- [Your assignment] When you repeat the listing below, keep every word exactly and leave out each picture.

- [Information supplied]
════

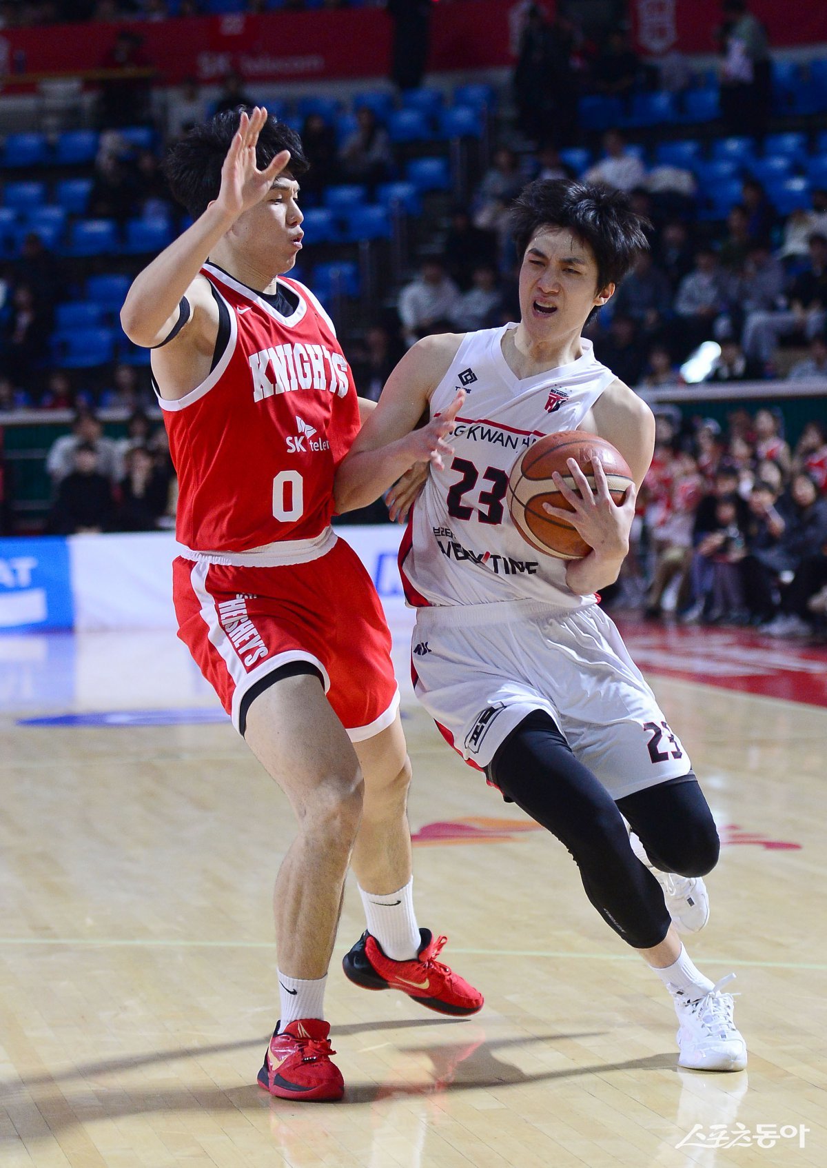 14일 서울 잠실학생체육관에서 열린 ‘2024-2025 프로농구’ SK와 정관장 경기에서 정관장 배병준이 SK의 수비를 뚫고 골밑을 공격하고 있다. 잠실|김종원 기자 won@donga.com
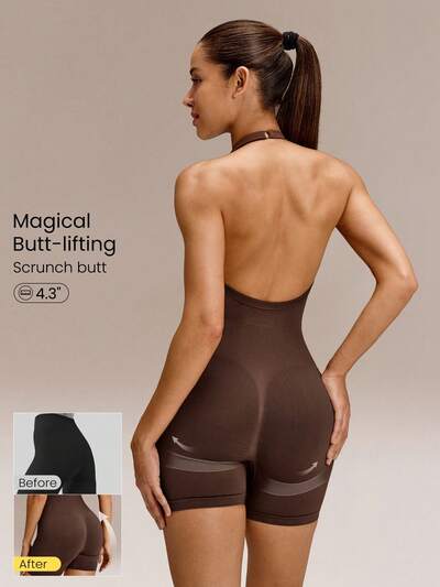 4.3" Ultrafine Soft Seamless Built To Glow Ribbed Waist Compression Panels Removable Cups Scrunch Butt Lift Adjustable Halterneck Short Bodysuit Training Running Gym Yoga Studio Daily Active Wear
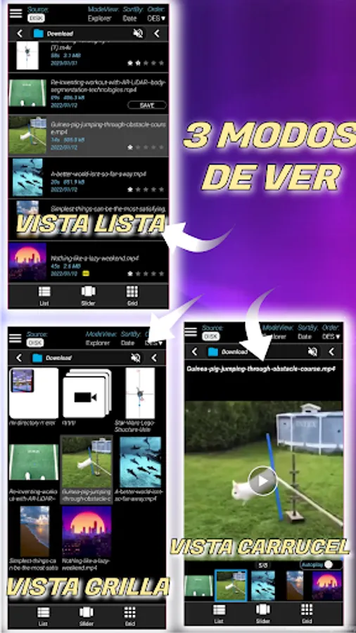 ►Tres modos de ver tu lista de videos: en lista, en mosaicos y en carrusel.

════

- [Task output]
 14일 서울 잠실학생체육관에서 열린 ‘2024-2025 프로농구’ SK와 정관장 경기에서 정관장 배병준이 SK의 수비를 뚫고 골밑을 공격하고 있다. 잠실|김종원 기자 won@donga.com
 4.3" Ultrafine Soft Seamless Built To Glow Ribbed Waist Compression Panels Removable Cups Scrunch Butt Lift Adjustable Halterneck Short Bodysuit Training Running Gym Yoga Studio Daily Active Wear
 ►Tres modos de ver tu lista de videos: en lista, en mosaicos y en carrusel.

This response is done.